Não se engane: algumas características são de fato geneticamente programadas e algumas doenças são determináveis por condições e atitudes durante a vida. Por exemplo, as pessoas com uma mutação patogênica genética em um determinado gene, desenvolverão fibrose cística independentemente de seu estilo de vida. 

Mesmo habilidades que antes eram consideradas apenas uma questão de educação, como a linguagem, o pensamento abstrato e muitos traços comportamentais têm um componente genético significativo. Mas isso não significa que o DNA sempre tenha a vantagem. 

O oposto é verdadeiro: a esmagadora maioria de nossas características depende da combinação de muitos fatores genéticos e não genéticos e, portanto, são difíceis de prever a partir do DNA. A partir do seu estilo de vida você pode desenvolver doenças crônicas ou não, por exemplo Diabetes, Alzheimer, entre outras.

Todos nós temos a probabilidade de contrair doenças diferentes. Mas quando o fazemos, nossos resultados podem variar de pessoa para pessoa com a mesma doença. Muito disso é produto de nossos diferentes genomas.

Existem limites para o que as informações do genoma podem fazer pelo risco de doenças. Por isso a metáfora favorita da comunidade científica é que o genoma é uma receita - as pessoas que recebem a mesma receita podem fazer pratos com um sabor um pouco diferente.
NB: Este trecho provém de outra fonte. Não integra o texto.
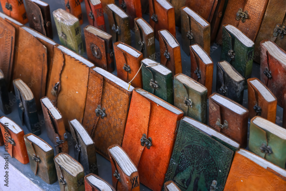 Rajasthani style vintage books up for sale in Udaipur local street markets in Rajasthan, India

“O genoma é o ponto de partida, mas não é a resposta para tudo” - Joshua LaBaer, professor e diretor executivo do Biodesign Institute da ASU.

Se formos um bolo de cozimento lento, poderemos, assim como a ciência faz com o DNA, espiar pelo vidro e verificar se algo parece engraçado dentro do forno, mas não será possível prever o que resultará naquele processo de cozimento - assim como em nossa vida, cada experiência e sorte, acaso, será responsável por um tipo de amanhã e depois de amanhã.

A mensagem que fica é, você não nasceu assim, não cresceu assim e, por fim, não vai ser sempre assim. Como diria Heráclito:

“Um homem nunca se banha duas vezes nas águas do mesmo rio, tudo que percebemos como imutável é uma ilusão. A vida é uma constante transformação. TUDO muda o tempo inteiro, não existe absolutamente NADA parado.”

Você é o capitão do barco, a rota está nas suas mãos.